> **What to do**: Please set down, with no changes, every line of the material below from the one containing "6. Reverse procedure" through the end. Skip the pictures.

***** Supplied data

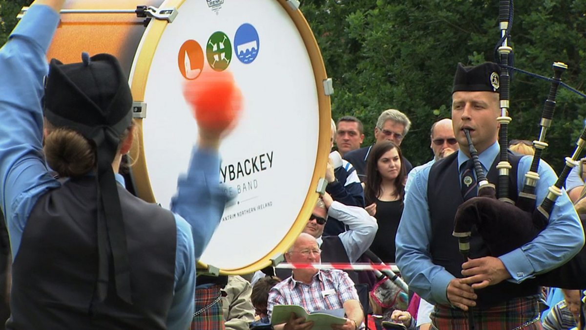 Cullybackey Pipe Band perform in the grade 1 competition at the All Ireland Championships.
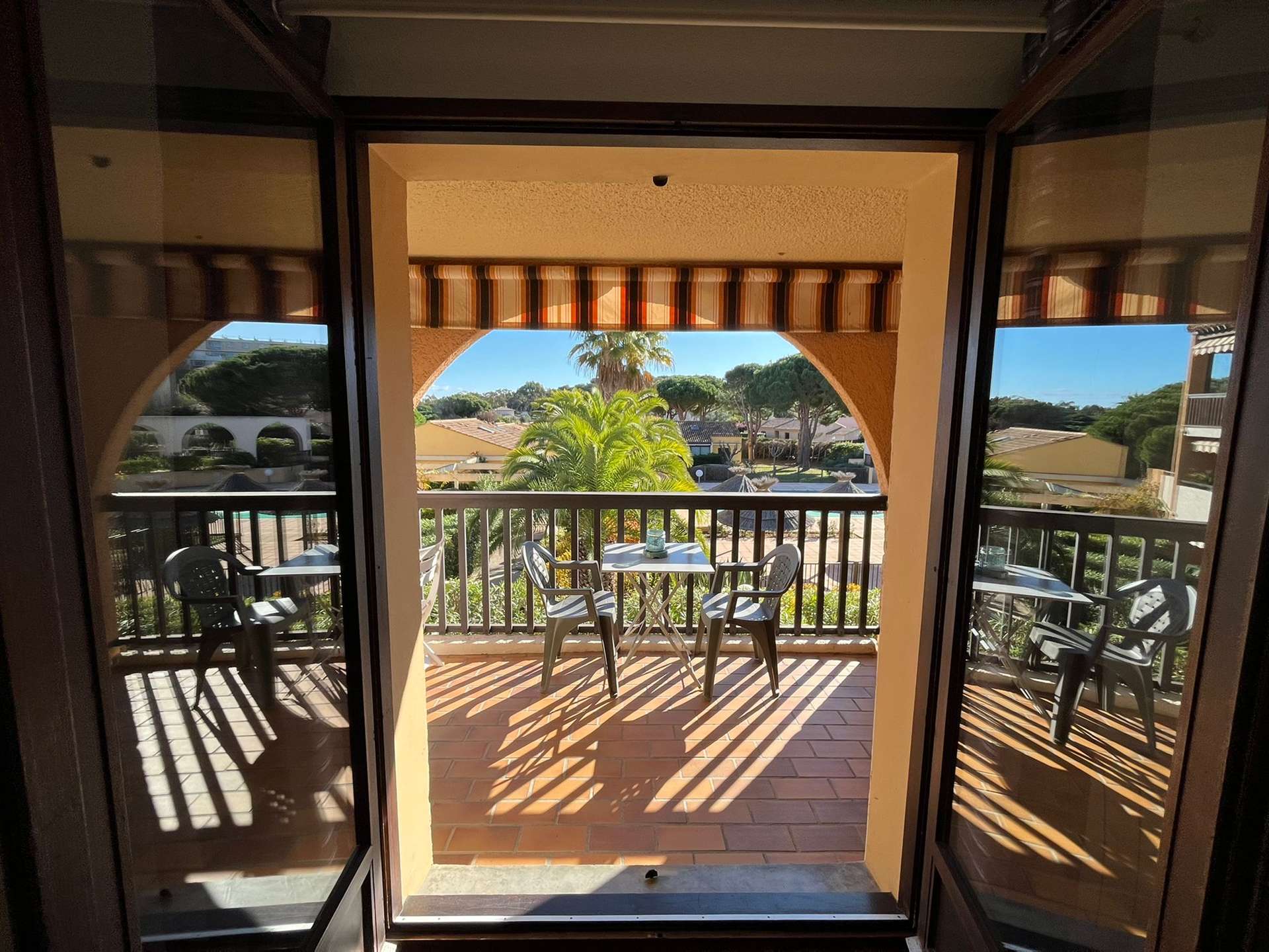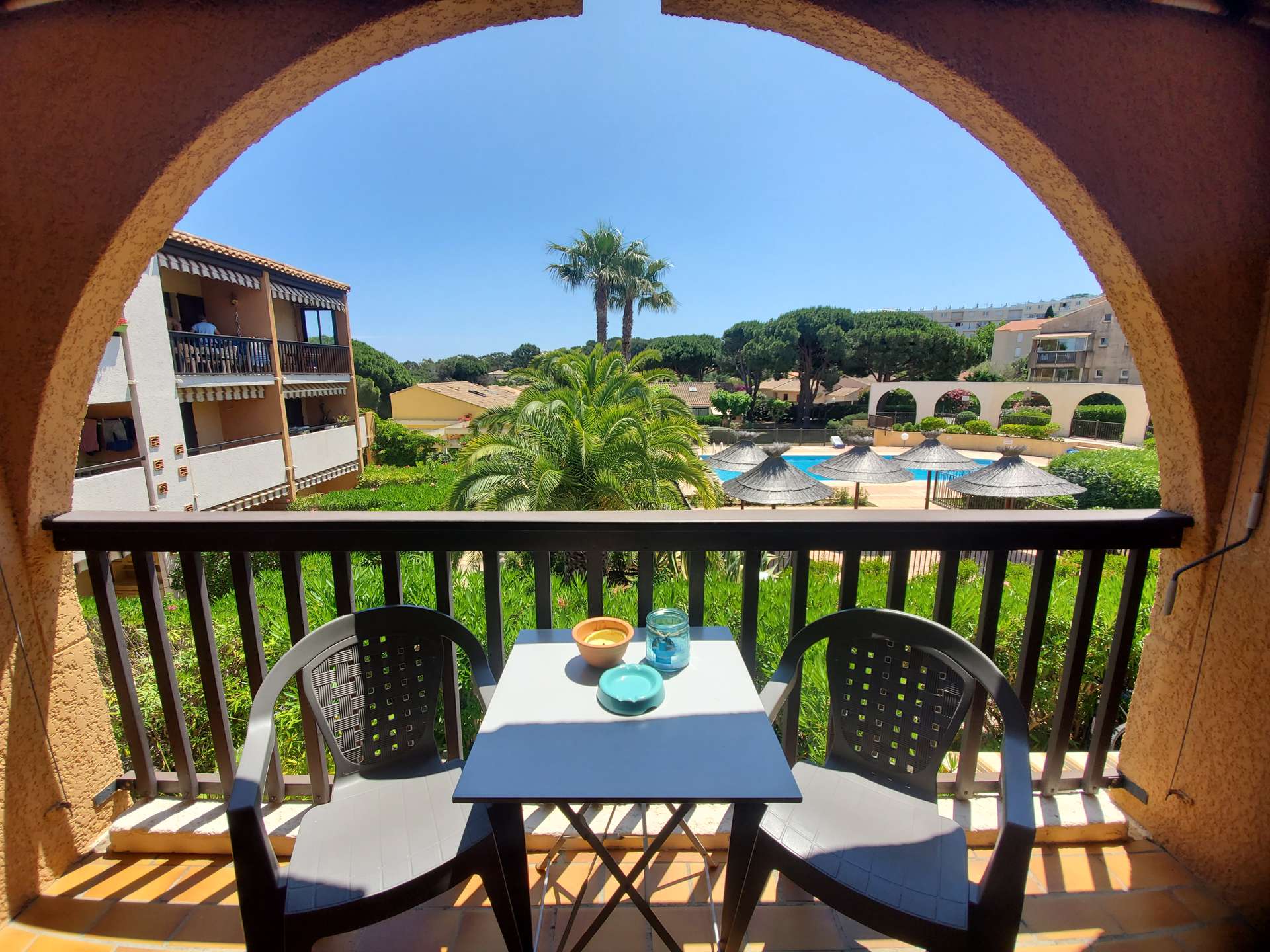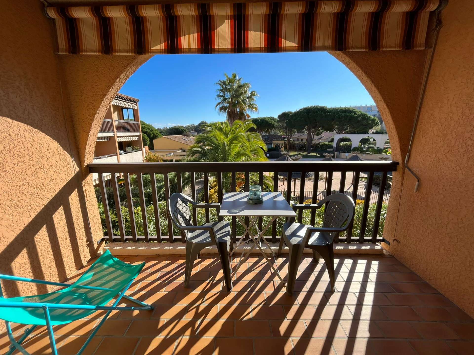 Studio cabine pour 4 personnes au 1er étage dans une résidence avec piscine à 5 mn du village de Giens sur la Presqu'île de Giens. Parking privé.
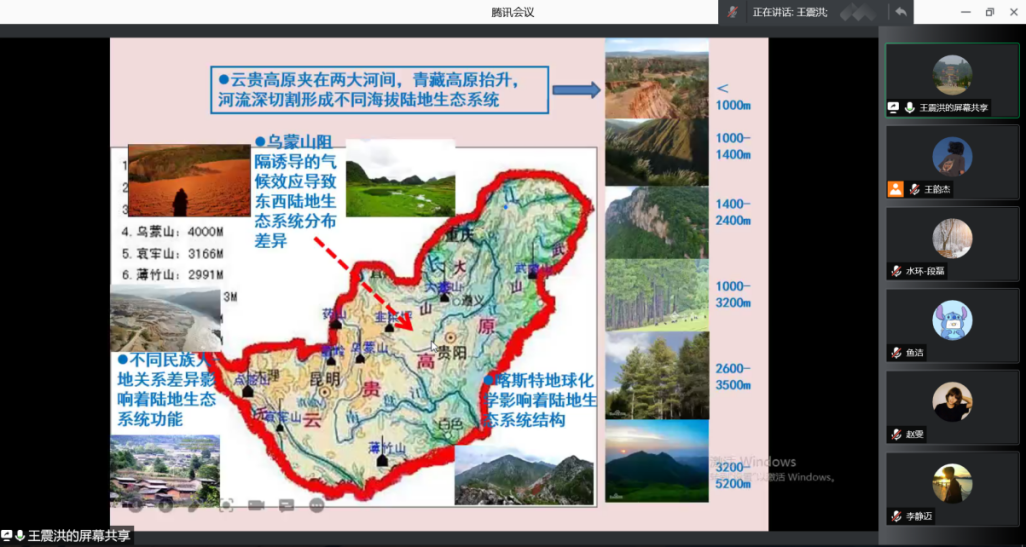 王震洪教授围绕研究的理论和应用意义、科学问题和研究内容以及未来值得聚焦的方向三个方面展开此次讲座。首先,详细阐述了陆地生态系统的概念、组成和功能,以及各生态系统之间相互影响和制约,通过阐述研究理论和应用意义,指出了流域存在的环境问题,明确建立健康水陆关系的重要性。其次,将核心问题:流域生态系统动力学及健康的水陆关系形成机理分解成四个关键科学问题并对其进行详细讲解。最后,王振洪教授提出未来可以从流域生态系统空间结构、过程及动力学机制与流域生态系统生物种类、分布格局、功能及耦合机制等方面入手开展进一步研究。
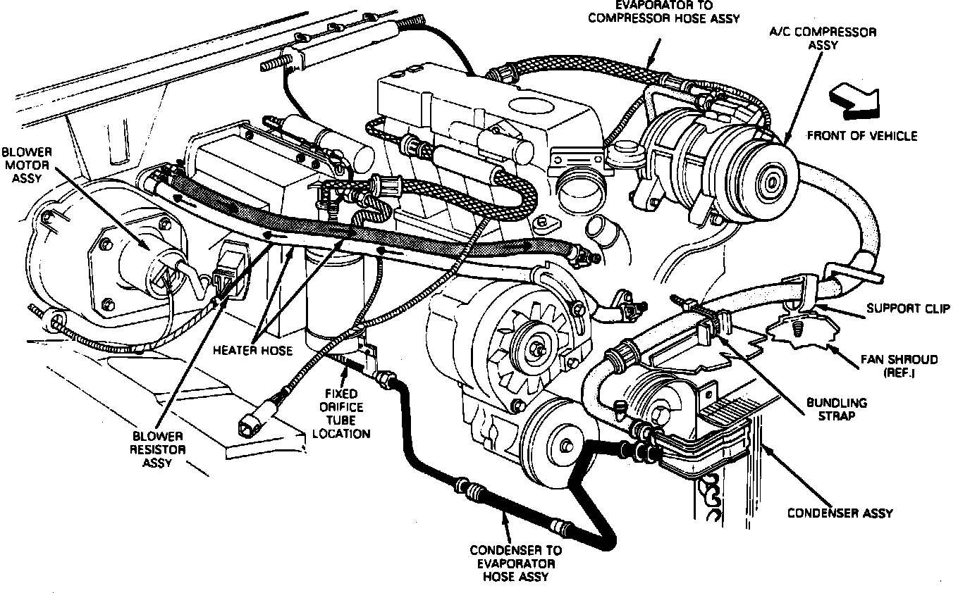 6. Reverse procedure to install. Use new O-rings lubricated with refrigerant oil.
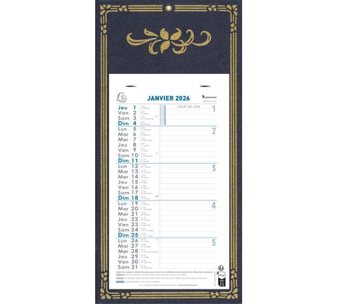 12 feuillets mensuels détachables, avec l'indication des vacances scolaires, les dimanches et les jours fériés sont imprimés en bleu pour les repérer facilement, de la place pour écrire sur chaque jour.
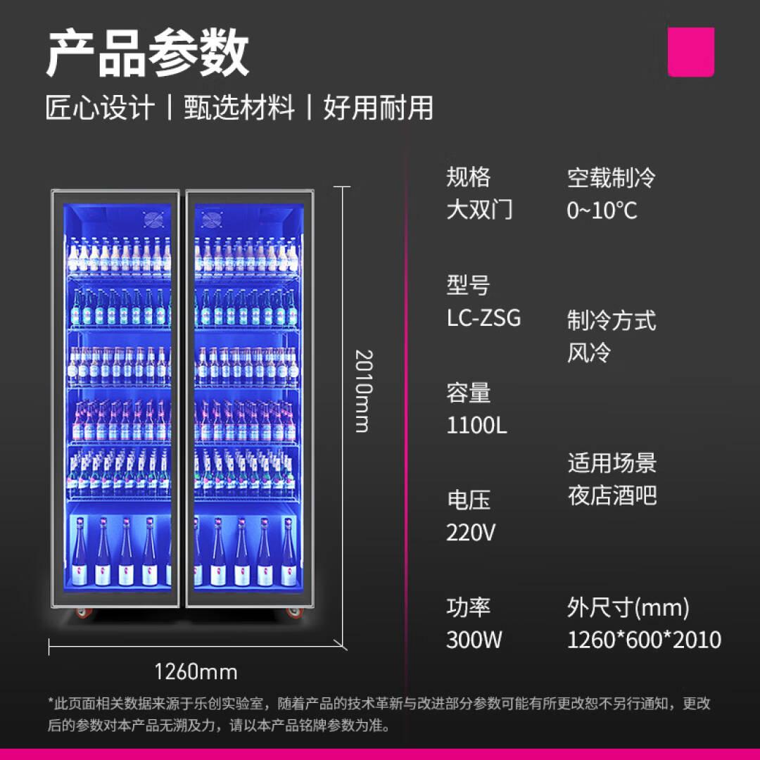 乐创(lecon)啤酒柜展示柜饮料柜冷藏保鲜柜便利店超市冰箱酒吧夜店大容量回弹门风冷大双门 LC-ZSG
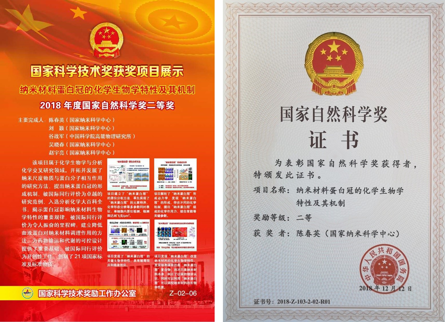 2019年1月8日上午,2018年度国家科学技术奖励大会在北京人民大会堂举行。由国家纳米科学中心陈春英研究员领衔完成的成果“纳米材料蛋白冠的化学生物学特性及其机制”荣获国家自然科学二等奖,实现了国家纳米科学中心成立以来国家自然科学奖零的突破。
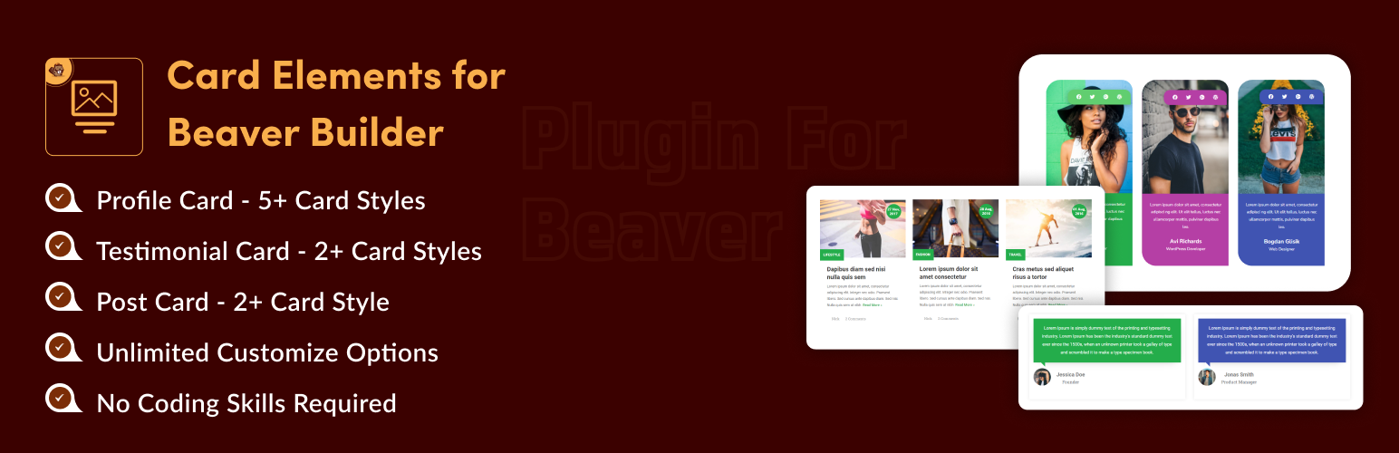wordpress.org/plugins/card-elements-for-beaver-builderShowcase useful elements with card style for Beaver Builder page builder.
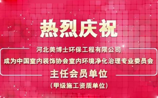 熱烈慶祝河北美博士環(huán)保工程有限公司成為中國室內裝飾協(xié)會(huì )室內環(huán)境凈化治理專(zhuān)業(yè)委員會(huì )主任會(huì )員單位。
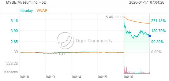 社交媒体公司Myseum宣布更名为Myseum.AI并将业务重心转向AI,周四一度暴涨超250%,但即便如此,周四收盘后总市值也仅有1000万美元。
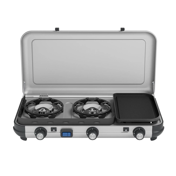 Kuchenka gazowa Stove 3 Burners INT marki Campingaz wyposażona jest w 2 niezależne palniki oraz ruszt, co zapewnia możliwość jednoczesnego przygotowywania różnorodnych potraw.

**********

> **Your response**:
 6. Reverse procedure to install. Use new O-rings lubricated with refrigerant oil.
 12 feuillets mensuels détachables, avec l'indication des vacances scolaires, les dimanches et les jours fériés sont imprimés en bleu pour les repérer facilement, de la place pour écrire sur chaque jour.
 乐创(lecon)啤酒柜展示柜饮料柜冷藏保鲜柜便利店超市冰箱酒吧夜店大容量回弹门风冷大双门 LC-ZSG
 2019年1月8日上午,2018年度国家科学技术奖励大会在北京人民大会堂举行。由国家纳米科学中心陈春英研究员领衔完成的成果“纳米材料蛋白冠的化学生物学特性及其机制”荣获国家自然科学二等奖,实现了国家纳米科学中心成立以来国家自然科学奖零的突破。
wordpress.org/plugins/card-elements-for-beaver-builderShowcase useful elements with card style for Beaver Builder page builder.
 熱烈慶祝河北美博士環(huán)保工程有限公司成為中國室內裝飾協(xié)會(huì )室內環(huán)境凈化治理專(zhuān)業(yè)委員會(huì )主任會(huì )員單位。
 社交媒体公司Myseum宣布更名为Myseum.AI并将业务重心转向AI,周四一度暴涨超250%,但即便如此,周四收盘后总市值也仅有1000万美元。
 Kuchenka gazowa Stove 3 Burners INT marki Campingaz wyposażona jest w 2 niezależne palniki oraz ruszt, co zapewnia możliwość jednoczesnego przygotowywania różnorodnych potraw.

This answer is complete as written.